*What you need to do*. Copy the records below exactly, leaving out any pictures.

(Data records)
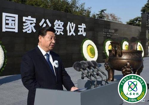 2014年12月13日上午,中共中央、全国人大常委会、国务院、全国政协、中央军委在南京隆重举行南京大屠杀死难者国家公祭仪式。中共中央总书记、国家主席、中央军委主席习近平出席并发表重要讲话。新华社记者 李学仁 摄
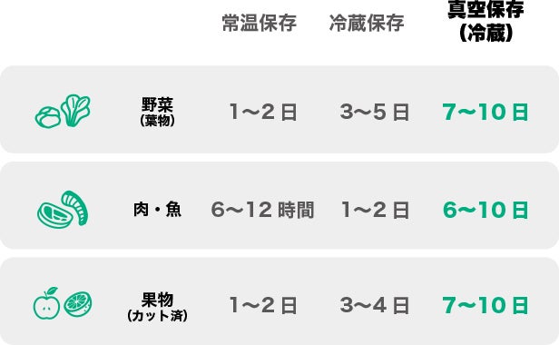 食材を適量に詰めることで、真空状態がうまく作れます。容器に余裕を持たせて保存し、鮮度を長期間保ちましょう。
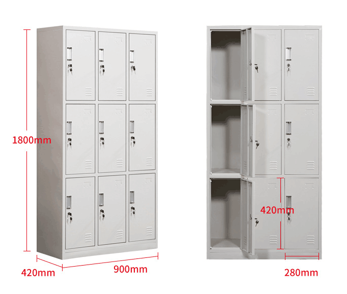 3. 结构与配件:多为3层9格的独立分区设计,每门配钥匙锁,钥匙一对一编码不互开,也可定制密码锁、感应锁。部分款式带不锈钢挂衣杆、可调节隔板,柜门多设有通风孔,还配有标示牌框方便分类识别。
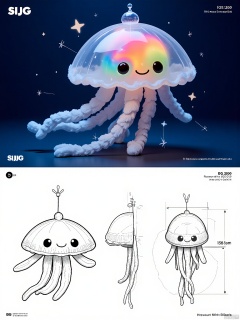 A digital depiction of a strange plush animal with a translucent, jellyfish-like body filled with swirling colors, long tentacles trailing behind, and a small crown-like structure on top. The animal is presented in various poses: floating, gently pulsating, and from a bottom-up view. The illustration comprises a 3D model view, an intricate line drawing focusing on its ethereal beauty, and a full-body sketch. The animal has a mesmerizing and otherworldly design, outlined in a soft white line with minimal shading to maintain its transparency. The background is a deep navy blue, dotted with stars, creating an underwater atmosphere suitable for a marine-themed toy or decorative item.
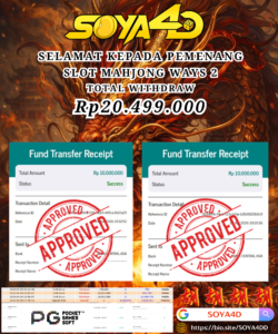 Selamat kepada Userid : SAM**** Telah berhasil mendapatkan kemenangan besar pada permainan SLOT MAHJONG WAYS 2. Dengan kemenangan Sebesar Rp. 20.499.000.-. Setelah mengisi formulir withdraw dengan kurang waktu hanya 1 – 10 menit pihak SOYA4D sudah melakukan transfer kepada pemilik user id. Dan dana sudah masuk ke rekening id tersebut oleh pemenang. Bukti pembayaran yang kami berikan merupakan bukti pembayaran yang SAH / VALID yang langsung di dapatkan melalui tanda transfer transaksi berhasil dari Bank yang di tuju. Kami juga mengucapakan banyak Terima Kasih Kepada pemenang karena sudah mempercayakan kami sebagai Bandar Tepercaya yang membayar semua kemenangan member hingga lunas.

*Task result*.
 2014年12月13日上午,中共中央、全国人大常委会、国务院、全国政协、中央军委在南京隆重举行南京大屠杀死难者国家公祭仪式。中共中央总书记、国家主席、中央军委主席习近平出席并发表重要讲话。新华社记者 李学仁 摄
 食材を適量に詰めることで、真空状態がうまく作れます。容器に余裕を持たせて保存し、鮮度を長期間保ちましょう。
 3. 结构与配件:多为3层9格的独立分区设计,每门配钥匙锁,钥匙一对一编码不互开,也可定制密码锁、感应锁。部分款式带不锈钢挂衣杆、可调节隔板,柜门多设有通风孔,还配有标示牌框方便分类识别。
 A digital depiction of a strange plush animal with a translucent, jellyfish-like body filled with swirling colors, long tentacles trailing behind, and a small crown-like structure on top. The animal is presented in various poses: floating, gently pulsating, and from a bottom-up view. The illustration comprises a 3D model view, an intricate line drawing focusing on its ethereal beauty, and a full-body sketch. The animal has a mesmerizing and otherworldly design, outlined in a soft white line with minimal shading to maintain its transparency. The background is a deep navy blue, dotted with stars, creating an underwater atmosphere suitable for a marine-themed toy or decorative item.
 Selamat kepada Userid : SAM**** Telah berhasil mendapatkan kemenangan besar pada permainan SLOT MAHJONG WAYS 2. Dengan kemenangan Sebesar Rp. 20.499.000.-. Setelah mengisi formulir withdraw dengan kurang waktu hanya 1 – 10 menit pihak SOYA4D sudah melakukan transfer kepada pemilik user id. Dan dana sudah masuk ke rekening id tersebut oleh pemenang. Bukti pembayaran yang kami berikan merupakan bukti pembayaran yang SAH / VALID yang langsung di dapatkan melalui tanda transfer transaksi berhasil dari Bank yang di tuju. Kami juga mengucapakan banyak Terima Kasih Kepada pemenang karena sudah mempercayakan kami sebagai Bandar Tepercaya yang membayar semua kemenangan member hingga lunas.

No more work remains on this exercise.